**STORED DATA:**
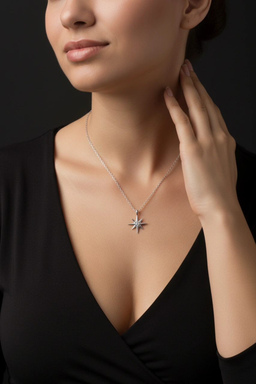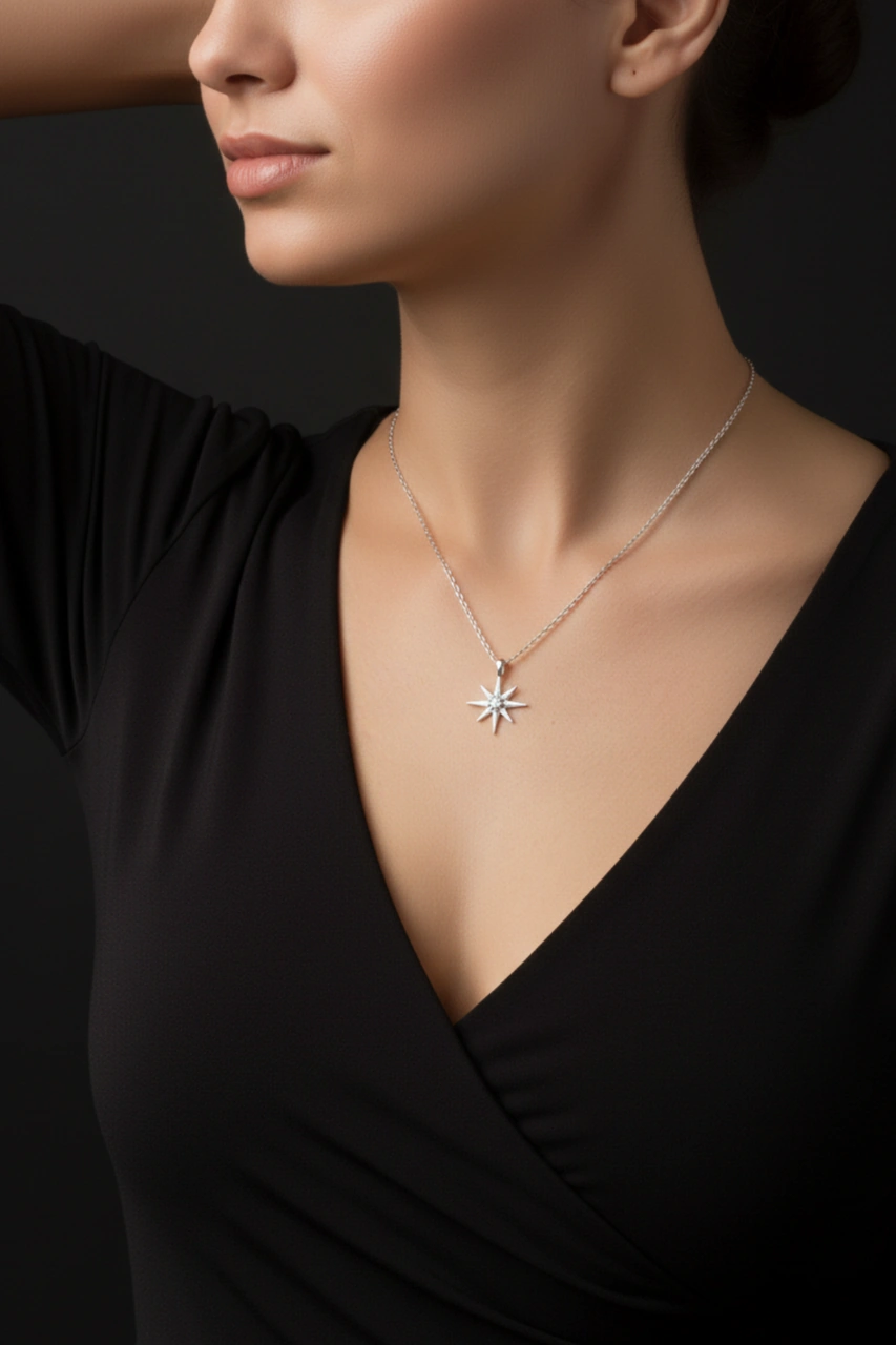 Kutup Yıldızı Tasarım Minimal 925 Ayar Gümüş Kadın Kolye Gümüş
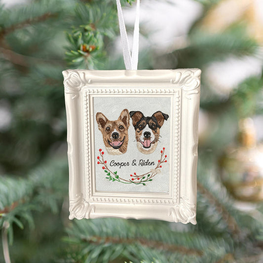 Custom Embroidered Dog Cat Pet Portrait Ornament Frame Christmas Gift for Pet Lovers
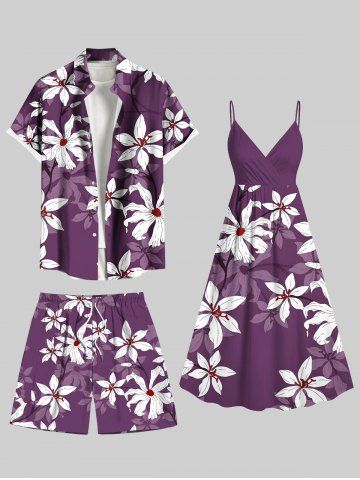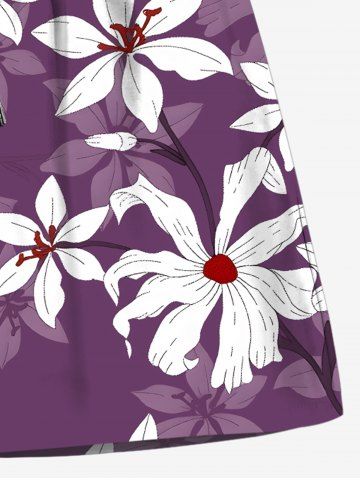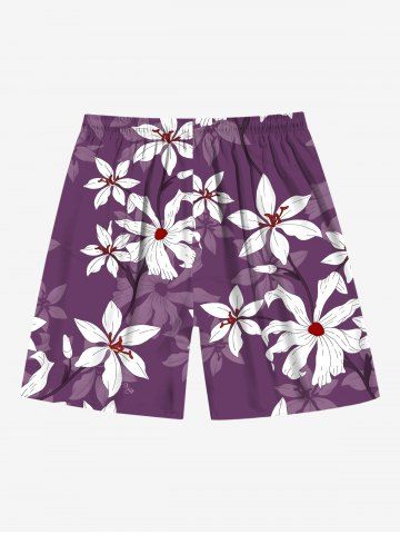Plus Size Ombre Flower Print Hawaii Drawstring Beach Shorts For Men - Purple - 6xl
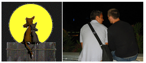 fórum að versla áðan í carrefour (uppáhalds búðinni okkar) og í miðri verslunarferð áttuðum við okkur á því að við vorum bara búin að kaupa okkur vökva! 30 lítrar takk fyrir, en við ætlum ekki að segja hversu mikið af því var áfengt, það er leyndó ;) ákváðum samt að kaupa okkur 2 pizzur (það fylgdi nebbla 2 l. kók með) gátum ekki borið þetta allt heim þannig að við tókum með innkaupakerruna og hún er núna inni á gangi hjá okkur ... fyrir utan stigaganginn okkar liggja ca. 10 kerrur núna, en þetta er víst ekki vinsælt að skilja svona eftir (við eigum enga af þeim), en hvað getur maður svo sem annað gert en að haga sér eins og hinir ... (okkar er á leiðinni í safnið ... hehe)

**PROMPT:**
Give back, exactly as written, the lines from the top of the material above to the line containing "Plus Size Ombre", both included; skip every picture.

**RESPONSE TO THIS EXERCISE:**
 Kutup Yıldızı Tasarım Minimal 925 Ayar Gümüş Kadın Kolye Gümüş
 Custom Embroidered Dog Cat Pet Portrait Ornament Frame Christmas Gift for Pet Lovers
Plus Size Ombre Flower Print Hawaii Drawstring Beach Shorts For Men - Purple - 6xl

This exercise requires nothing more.